Search code examples
hashlualua-table

Lua: is there a need to use hash of string as a key in lua tables


I want to keep a list of words (let's say 20k). The only purpose of it is to check if the given word exists there. So, it's going be something known as a hash set.

-- dict here is just an example, it's going to be loadaed from a text file
dict = {["foo"] = true, ["bar"] = true, ...}


function dict.contains(self, word) do
    return self[word]
end

Is this option good enough? Or maybe this one would be better:

-- hash(string) is an exisiting external function

dict = {hash("foo") = true, hash("bar") = true, ... up to 20k}

function dict.contains(self, word) do
    return self[hash(word)]
end

I am inclining to vote for the 2nd option but thinking of internal implementation of lua hashes makes me a little bit confused. If it is just an address of an interned string, probably the 1st option is quite good one (in terms of memory consumption and better performance)? But from the other side, it should be good for statically defined tables (with interned strings). While I am going to load keys, maybe the 2nd options is still better?


Solution

  • Hash sets in Lua

    Yes, a table with string keys and truthy values (usually true) is the idiomatic, and most likely most efficient, way to implement a hash set of strings (or numbers, or "pointers" (like functions or tables, which are compared by reference)) in Lua.

    Method - data name collisions

    This however:

    function dict.contains(self, word) do
        return self[word]
    end
    

    is a bad idea, because suddenly dict:contains("contains") will be truthy (it will be the contains function).

    Similarly, dict.word will suddenly be truthy as well, even though you probably want all accesses to go through contains.

    I'd recommend just directly doing something like if words[word] then rather than unnecessarily complicating this by forcing it into an OOP style when it is not needed or useful. If you do want this, encapsulate the internal "set" of words, so store it in a field like dict._words to not have the methods conflict with the actual data you're storing.


    Premature optimization concerns

    Is this option good enough?

    It most probably is - try it and see. "20k" is a very small number of words for Lua to handle. I see no reason why the first solution shouldn't be fully satisfying.

    In asymptotical terms, accessing this table - both to insert new strings, or to get strings - has expected constant time complexity.

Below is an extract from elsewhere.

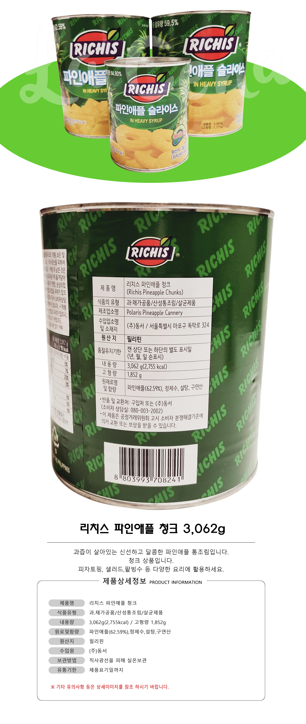 (주) 백두 [대용량] 리치스 파인애플 청크 대용량 상품입니다.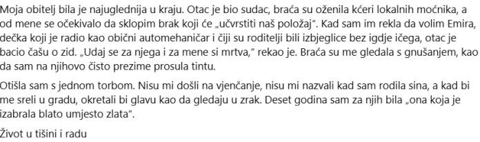 Moja obitelj bila je najuglednija u kraju. Otac je bio sudac, braća su oženila kćeri lokalnih moćnika, a od mene se očekivalo da sklopim brak koji će „učvrstiti naš položaj“. Kad sam im rekla da volim Emira, dečka koji je radio kao obični automehaničar i čiji su roditelji bili izbjeglice bez igdje ičega, otac je bacio čašu o zid. „Udaj se za njega i za mene si mrtva,“ rekao je. Braća su me gledala s gnušanjem, kao da sam na njihovo čisto prezime prosula tintu. Otišla sam s jednom torbom. Nisu mi došli na vjenčanje, nisu mi nazvali kad sam rodila sina, a kad bi me sreli u gradu, okretali bi glavu kao da gledaju u zrak. Deset godina sam za njih bila „ona koja je izabrala blato umjesto zlata“. Život u tišini i radu

    Using the optimized hash table implementation provided by your Lua implementation is most probably a better idea than rolling your own.

    Or maybe this one would be better: [...] I am inclining to vote for the 2nd option

    So far you have provided no reason why it should be better, and barring exceptional circumstances, I don't think it will be. In many aspects, it's very blatantly worse:

    • It's more complex. This complexity would need to be justified.
    • It adds overhead. You need your own hashing of strings; you'll be duplicating the work Lua is already doing when it interns strings itself.
    • A hashing algorithm written in Lua is very unlikely to outperform the optimized hashing algorithm present in your Lua implementation, especially if you're using a well-optimized one like LuaJIT.

    If it is just an address of an interned string, probably the 1st option is quite good one (in terms of memory consumption and better performance)?

    Yes, on Lua 5.2 and earlier, all strings are interned and there is no way to turn this off. What this practically means is that different strings have different addresses, same strings reuse the same memory. String comparison is a simple address comparison and thus constant time. This is what enables table access to always be O(1) instead of O(length of string).

    So indeed, on Lua 5.2 and earlier, the first option is most certainly better, and by a lot.

    On Lua 5.3 and later, things get a bit more complicated: Very "long" strings (think thousands of characters) are not interned anymore, but instead are hashed on-demand, meaning comparison for these long strings is O(n), as is table access.

    Now there are two "exceptional circumstances" where the custom hashing could be justified, but I consider it very unlikely that you find yourself in either one:

    1. You're using an older Lua / LuaJIT implementation which does not protect against hash collision attacks, and need to protect against such attacks, which can make table access O(n) and thus lead to denial of service. In this case, custom hashing can help - as does just "salting" the keys with a salt unknown to the attacker.
    2. With very efficient custom hashing (think implementing a very good hashing algorithm in C, which somehow beats Lua's general-purpose string hashing for your use case), you could potentially beat Lua's built-in hashing. But at that point, you should probably be writing this performance-critical code in C or another language suitable for maximizing performance to begin with.

    But from the other side, it should be good for statically defined tables (with interned strings).

    If anything, this is another plus point for using Lua's implementation.

    While I am going to load keys, maybe the 2nd options is still better?

    No.


    TL;DR: Don't optimize prematurely; you'd most likely end up with more complex, less efficient code. Simply use a table with string keys.